RECORDS START

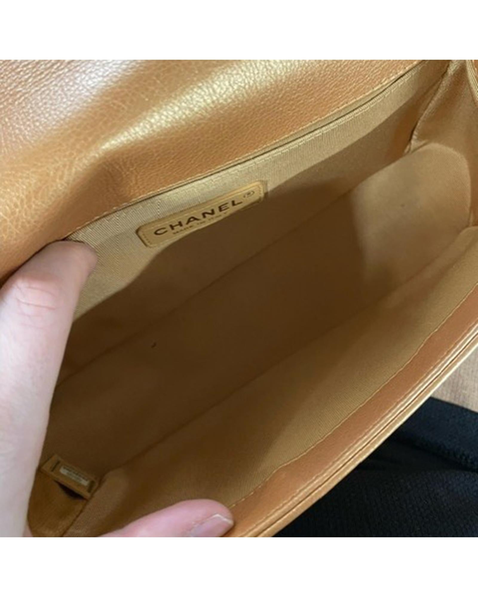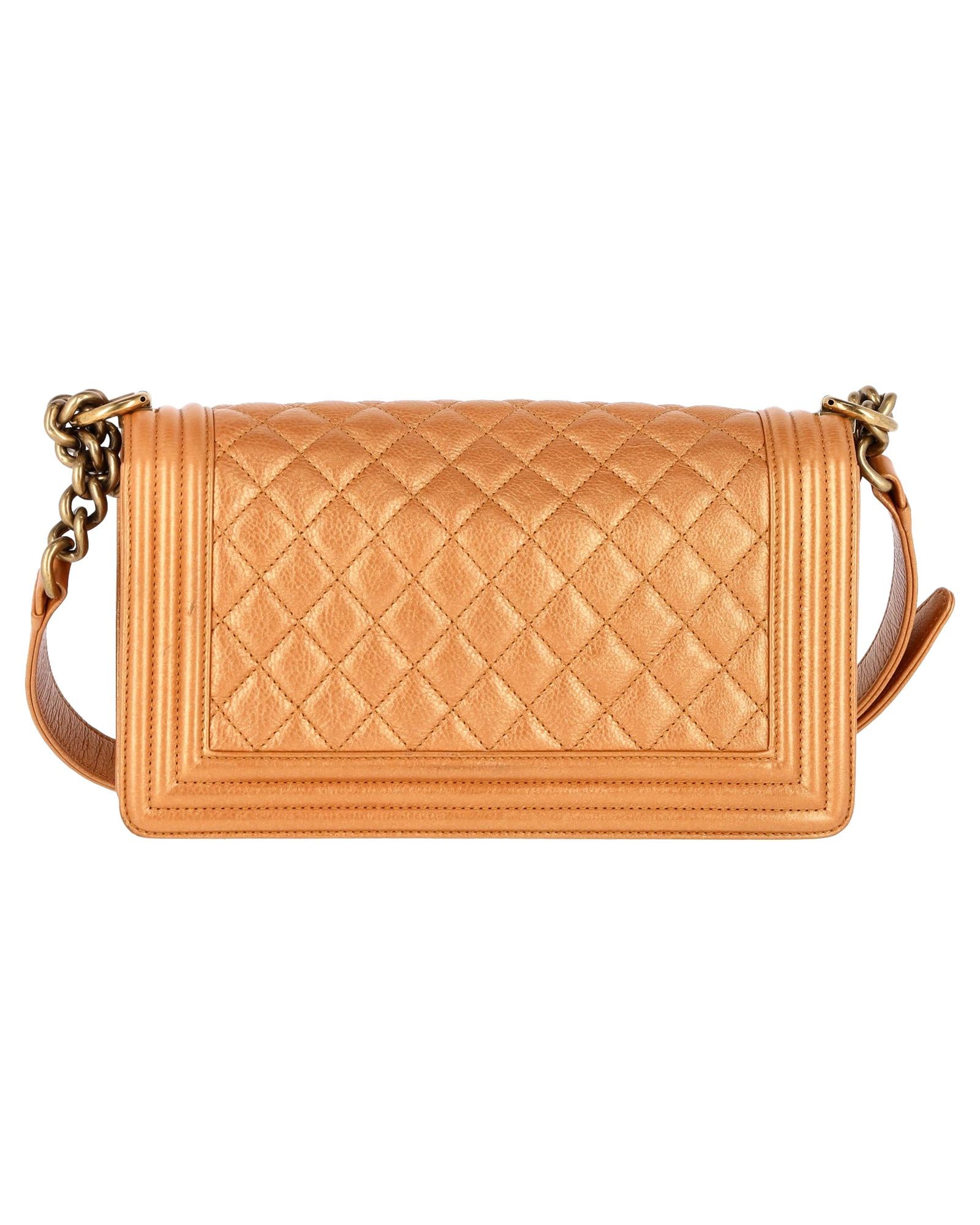• Quilted Medium Boy Flap Bag in Brown Lambskin Leather
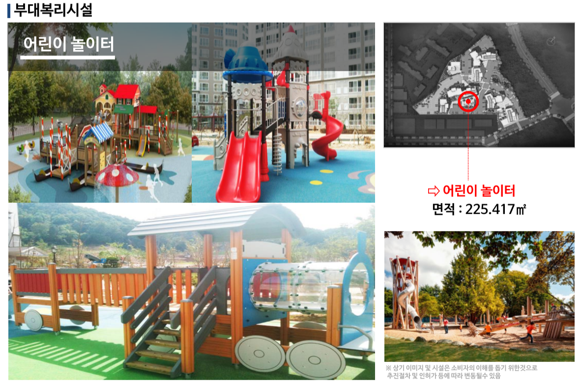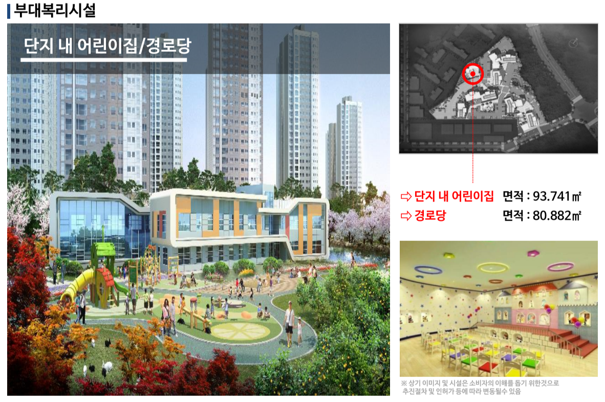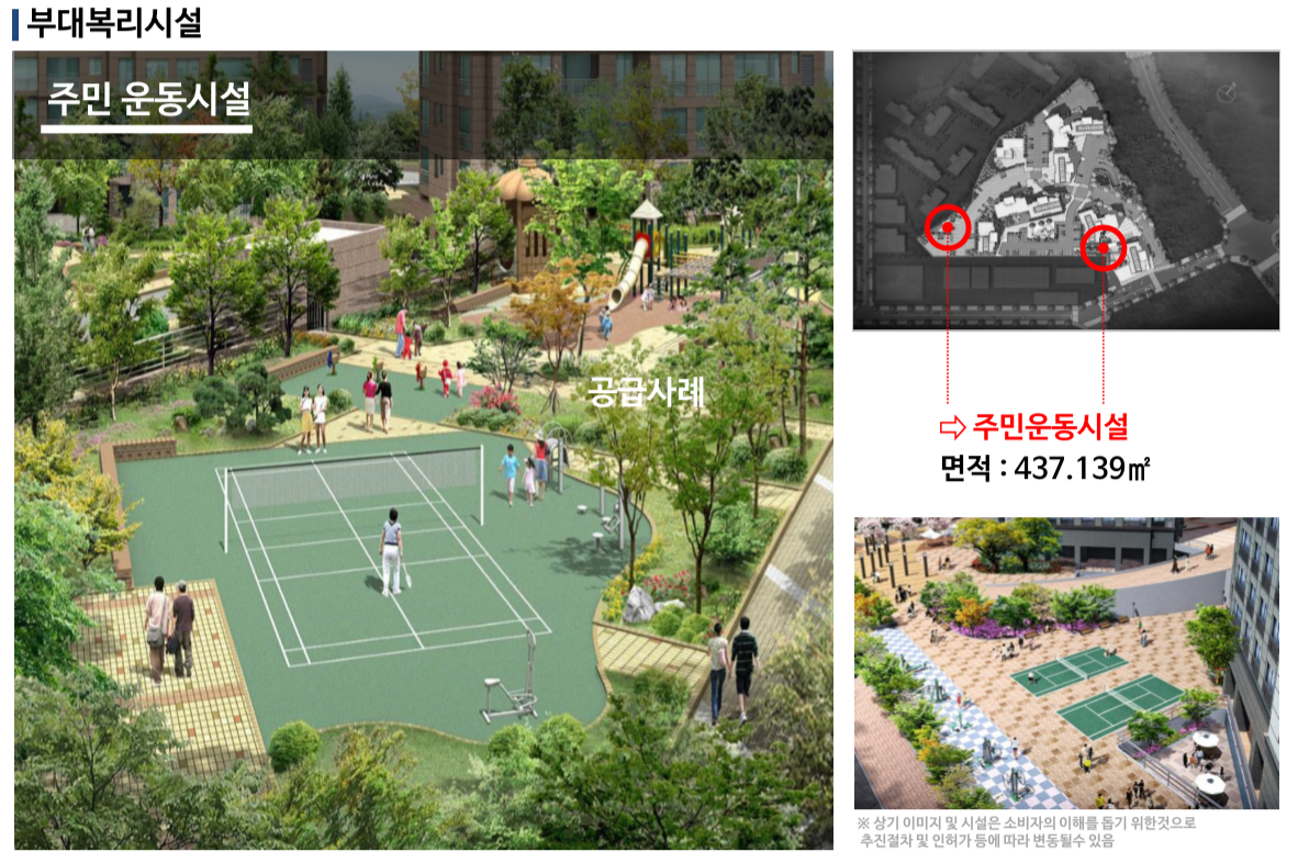 단지 내에 부대복리시설로는 어린이들을 위한 놀이터와 어른을 위한 다양한 스포츠 시설 그리고 단지내 어린이집과 경로당이 있습니다
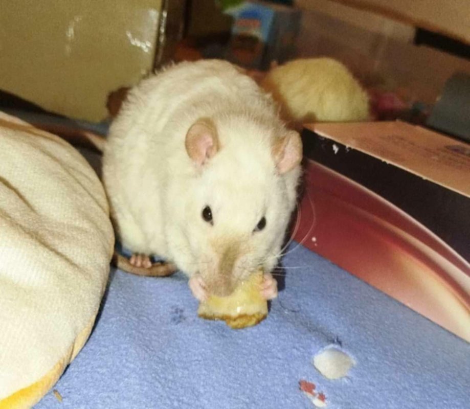 Provenance et généalogie : Née chez AmandineR de la raterie Millo & cie (MIL) qui a géré la mise bas de ma rate le temps que je trouve un covoiturage
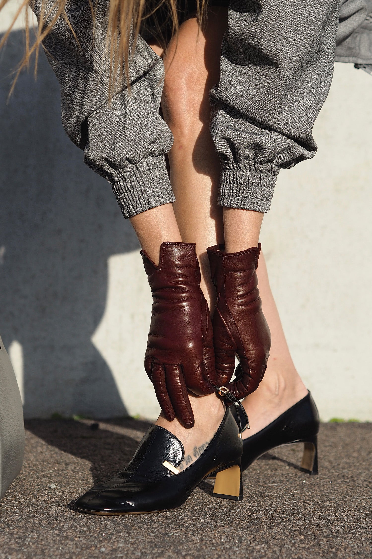 handsome minimalistic scandinavian-timeless classics gloves leather brown long sleve
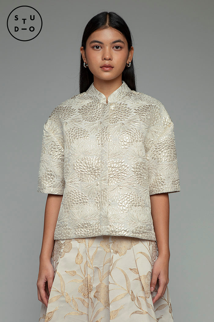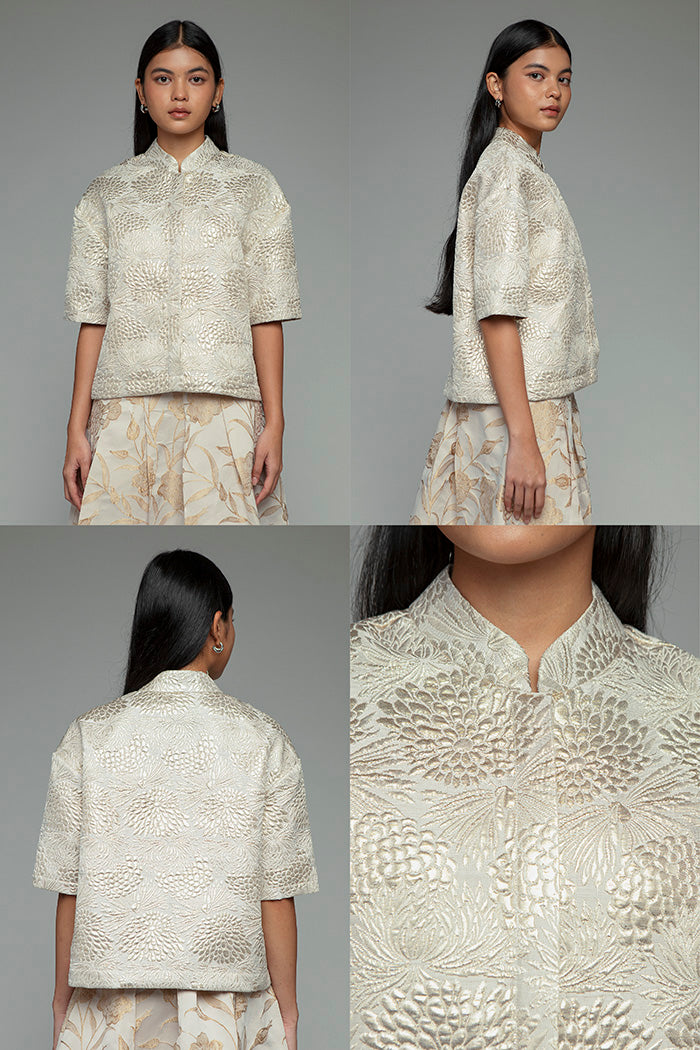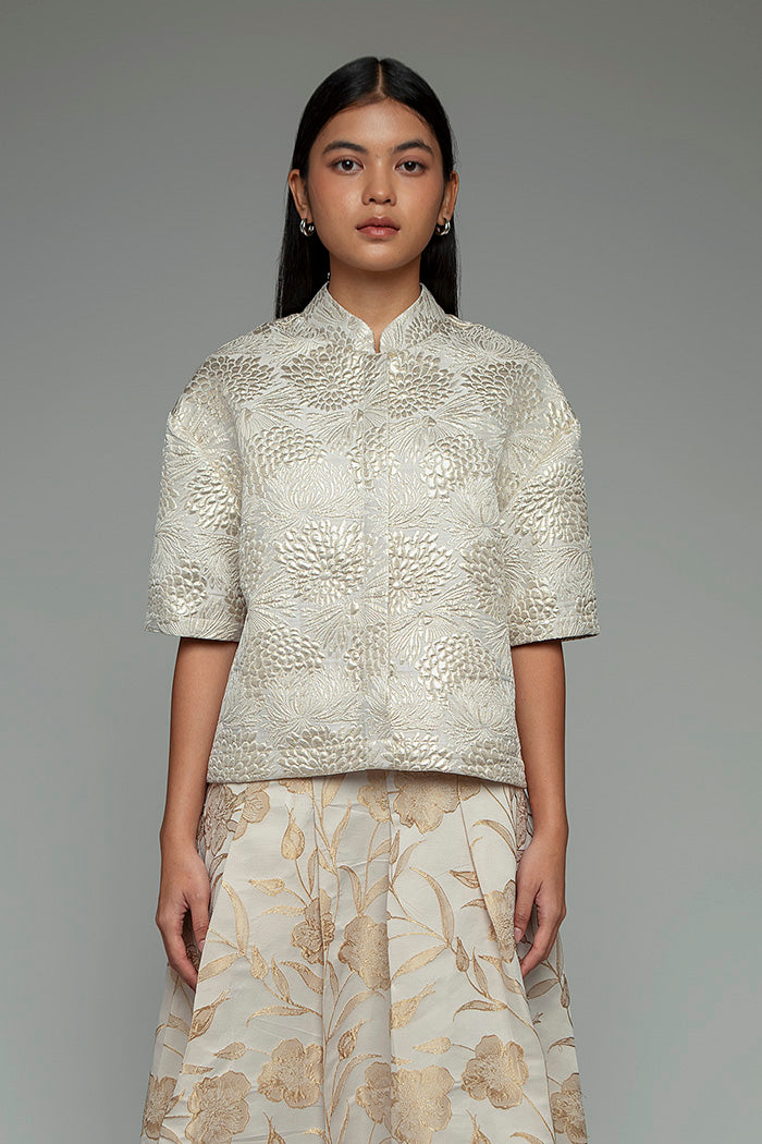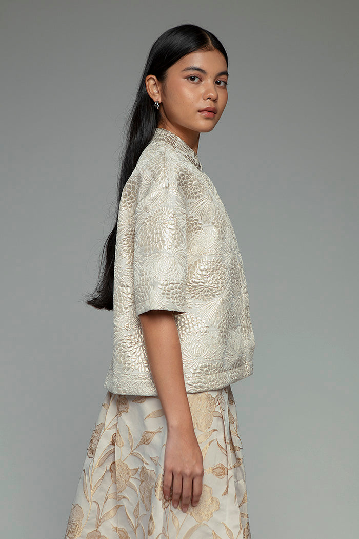 This jacquard top is designed with a boxy and slighly cropped silhouette, giving it a modest-friendly look that’s flattering and easy to wear. The textured fabric adds a hint of festive shine, making it perfect for a festive celebration.

RECORDS END

Only the lines from the line that contains "단지 내에 부대복리시설로는" through the end of the entries are to be written out, exactly and without pictures, both ends included.

 단지 내에 부대복리시설로는 어린이들을 위한 놀이터와 어른을 위한 다양한 스포츠 시설 그리고 단지내 어린이집과 경로당이 있습니다
 Provenance et généalogie : Née chez AmandineR de la raterie Millo & cie (MIL) qui a géré la mise bas de ma rate le temps que je trouve un covoiturage
 handsome minimalistic scandinavian-timeless classics gloves leather brown long sleve
 This jacquard top is designed with a boxy and slighly cropped silhouette, giving it a modest-friendly look that’s flattering and easy to wear. The textured fabric adds a hint of festive shine, making it perfect for a festive celebration.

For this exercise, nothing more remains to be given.